Pinstripe Warriors
Mini Teaser: Two recent books explore the enduring dichotomy between diplomats and soldiers and pose questions for the future of effective diplomacy.
George W. Liebmann, The Last American Diplomat: John D. Negroponte and the Changing Face of US Diplomacy (London: I.B. Tauris, 2012), 384 pp., $99.00.
Kori N. Schake, State of Disrepair: Fixing the Culture and Practices of the State Department (Stanford, CA: Hoover Institution Press, 2012), 194 pp., $19.95.
Of the many dichotomies in American public life, one of the most durable is the one between soldiers and diplomats. It fits nicely with others: hawks and doves; patriots and cosmopolites; nationalists and inter- or multinationalists. There are also related operational and behavioral dichotomies: strong versus weak; doing versus talking; solving versus managing problems. We cling, as President Obama infamously said, to our oppositional stereotypes. They are at once false and terribly real.
These stereotypes can be tempting to debunk. But we must do so with our eyes open. Some fifty years ago, the late historian Ernest May wrote what became a famous, but now largely forgotten, essay called “The Nature of Foreign Policy: The Calculated versus the Axiomatic.” It is about as clear a dissection of the dichotomous nature of American foreign-policy making as one could devise. In it he pointed to several instances where policy makers tried to limit, contain or otherwise control a foreign crisis or set of problems, only to find that the calculations failed and they were left nothing to fall back upon to guide subsequent decisions—except, that is, for the small set of axioms that are passed, and occasionally modified, from generation to generation.
Axioms tend to appear in the guise of slogans or doctrines. For most of the nineteenth and twentieth centuries, the Monroe Doctrine—which did not originate with that name—defined the American map of the Western Hemisphere. World War II and the Cold War expanded the doctrine, or variations of it, to the North Atlantic, the Persian Gulf and the North Pacific but stopped—by way of a terrible miscalculation—in Southeast Asia. Other important axioms include the “Open Door,” the “Good Neighbor,” and, more recently, the regional idea of “Whole and Free.” (Actually, this idea has roots in the Western Hemisphere going back to the early nineteenth century but now is applied mainly to post–Cold War Europe. Imagine an Asia whole and free!) Finally, there are the axioms that are attached to historical lessons or principles: the Munich principle of appeasement, which informed much of the thinking that went into nuclear deterrence; or the “lessons” of World War I and Vietnam, which still make policy makers think twice (or more than twice) about intervention and escalation for reasons of prestige or “credibility.”
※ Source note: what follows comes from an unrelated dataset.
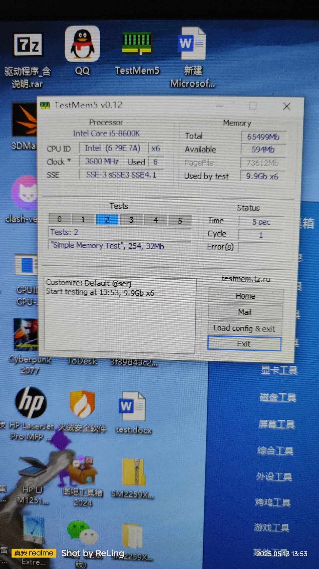 此软件旨在测试内存稳定性,打开即自动加载内存测试文件,三圈无报错提示no error即视为内存稳定。若软件无法正常跑圈,持续弹窗,请关闭软件,重启电脑后以管理员身份运行。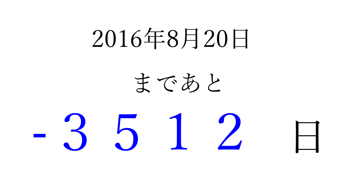 2016年8月20日(土)は もう 0000 日過ぎました 追加すると、トップページからすぐ選べるようになります ※2026/04/02現在の結果です。 最新の状態に更新する ↓シェアして、タイムライン上にカウントダウンを表示しよう!↓ 📤 この結果を共有する Tweet シェア Threads Bluesky 別の日付でカウントダウン 2016年8月のカレンダー このページをブックマークに追加すると、いつでもカウントダウンを確認できます。 (PC: Ctrl+D / Mac: ⌘+D) hitome-notes.comでは以下のページも運営しています。 指定日と期間から日付を計算 | ガチャ確率計算・シミュレーション | プライバシー・ポリシー 運営者:Avocado

This is all to say that the ways of thinking and acting in foreign affairs can be more consequential than the uniforms of the people doing them. At the same time, bureaucracies and bureaucratic culture matter, and not just on the margins. Ways of thinking do not evolve on their own; they are honed, rewarded, penalized and molded by official and unofficial environments and networks. The old model —where you sit is where you stand—contains a good deal of truth, but it is a necessary yet insufficient way to explain why the United States government does some things and should or should not do others. Thus, for all that the Defense and State Departments represent different cultures and policy capacities—not all directly connected to their vastly disparate budgets—we must remind ourselves that this particular binary opposition is easy to oversimplify or get wrong.
THESE TWO BOOKS offer a useful corrective to others, such as Stephen Glain’s State vs. Defense, that repeat the mantra that U.S. foreign policy has become overly militarized. Dwight D. Eisenhower was not the only one to warn of this—and his warning had to do mainly with domestic affairs. George Marshall also liked to say that giving the military a problem to solve will almost certainly result in a military solution. So why does it keep happening?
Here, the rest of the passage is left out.